“Happy ever after” doesn’t mean forever.
It just means time.

I feel like I keep dying.
And I don’t really know how to communicate that to anyone else. I had hoped it would stop happening, but it hasn’t. It’s only gotten worse.
I keep having this feeling, like I’ve somehow died; yet instead of the blackness of unconsciousness there’s just… this.

Once upon a time I went to Philadelphia to visit my friends. One of them flew in from Amsterdam, and we slept on the floor — two air mattresses laid next to each other; a coffee table moved out of the way. In the evening, before our hosts retired to their bedroom, we took turns playing YouTube videos, and we watched a movie about the arrival of a new perspective on time. As we inflated the mattresses, I argued back and forth with one of them about the film’s theme — about its compatibility with the non-existence of free will, and about its existentialist undertones — while a different friend got sheets out from her closet.

I feel like I keep dying.
And I felt this way before I even knew what was happening, or the why of it.
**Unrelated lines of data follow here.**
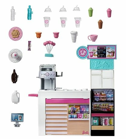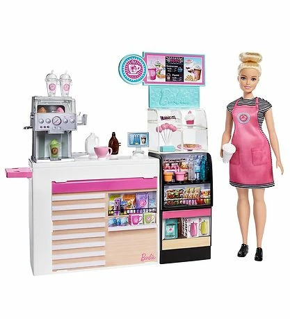 Barbie dukkesættet lægger op til mange timers sjov og leg. Barbie dukken elsker sit arbejde so barista. Hver dag oplever dukken nye ting og nye mennesker. Barnet kan slippe sin fantasi løs og finde på nye lege hele tiden.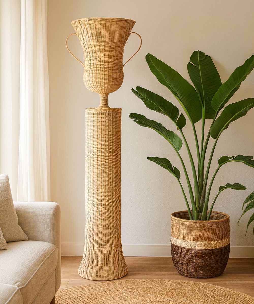 A tall decorative vase made of natural rattan with neat handwoven details. Its elegant trophy-like shape makes it perfect as a statement piece for living rooms, hotel lobbies, or semi-outdoor spaces.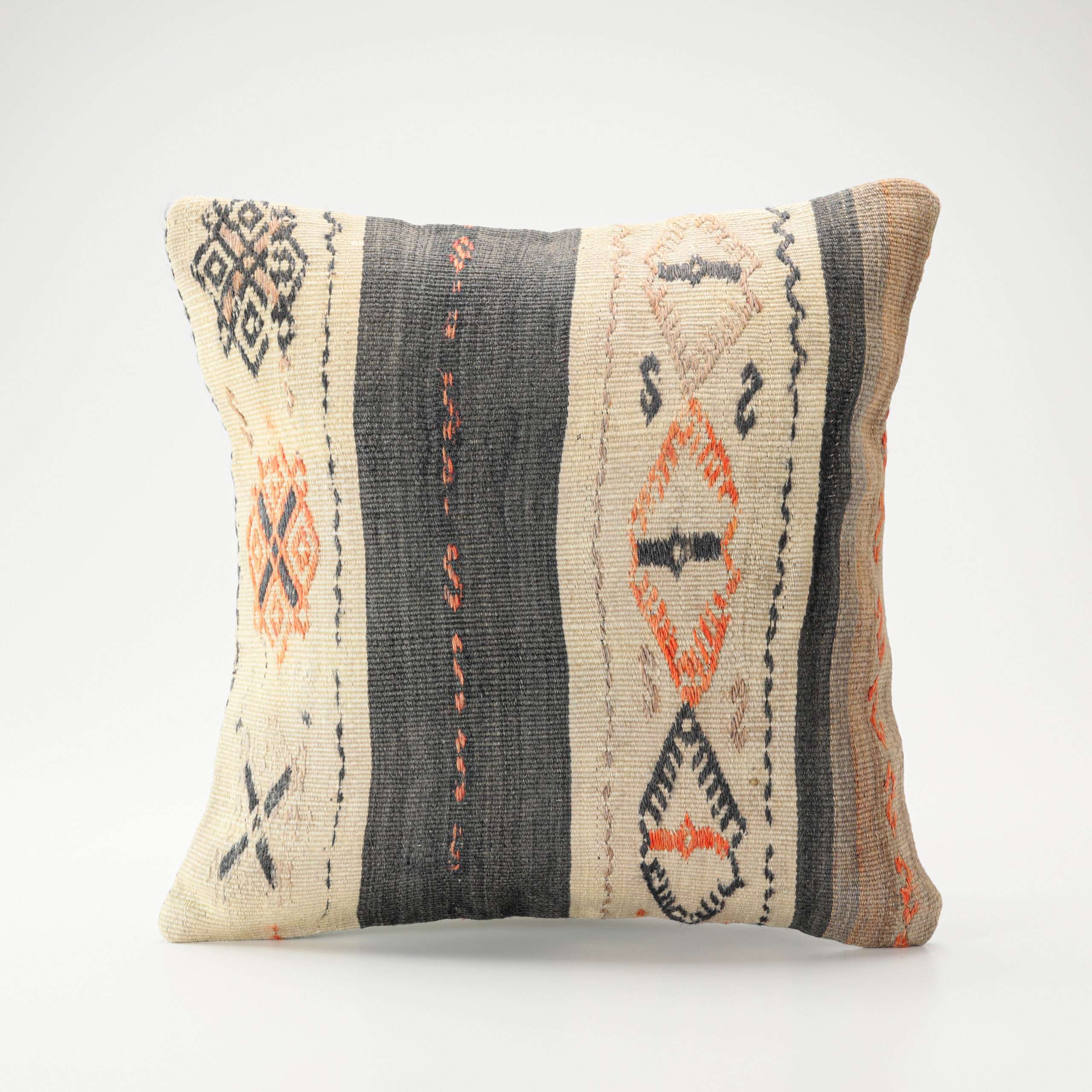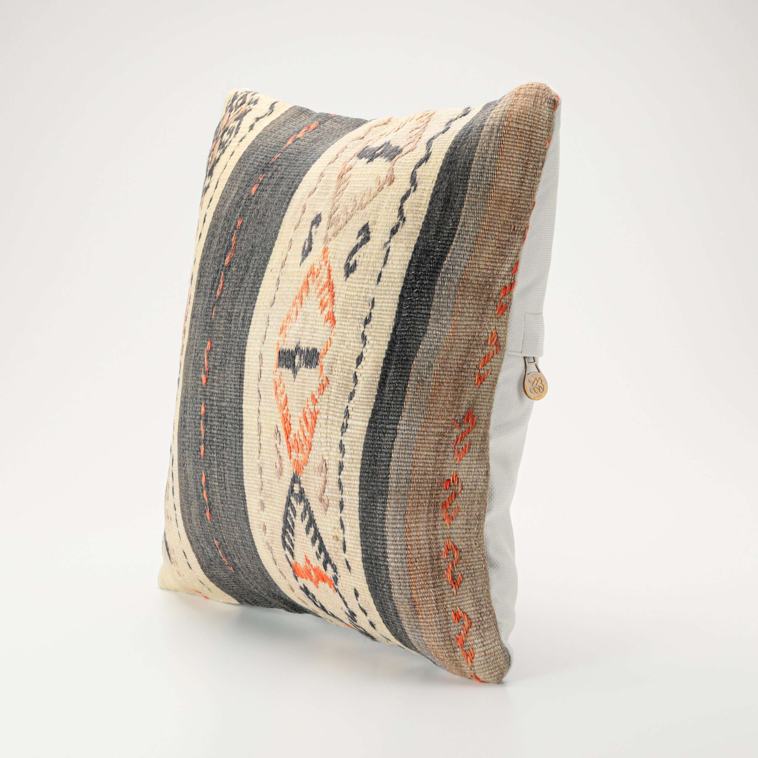 Materials: Handwoven artisan-crafted kilim front. Soft virgin cotton backing. Inlaid soft gold zipper.

Years and years; you can trace the feeling across my writing and my journal entries.
But now I’m older, and despite the fact I’m mostly not wiser, I do understand what’s been happening to my brain; at least a little. And it’s mostly not getting better. Though at this point it’s mostly not getting worse either, and so I’m mostly not sure what to do.

Once upon a time my Grandmother died. We held a funeral, and everyone cried, because she was dead. The day before, my aunts and uncles came from the other states where they live, and we all had dinner in a restaurant I’d never been to before, forty-five minutes away from where I live. My brother sat in the back of the car, and while I helped my Mom navigate Google maps, one of my friends told me I should buy a camera, and that we should amend our writing pact. While we ate, the AC vent above began to leak, maybe from the rainstorm twisting itself outside, across the evening dark, and so I shifted my chair a foot to the left. At the other end of the table, my cousin took off her sweater because the restaurant was too hot. Two days later, the day after the funeral, we all had bagels at a different cousin’s house. People shared stories from their childhood, and I learned a little bit more about all of them. The last time all of us had been in a room together must have been at least a decade ago, maybe more.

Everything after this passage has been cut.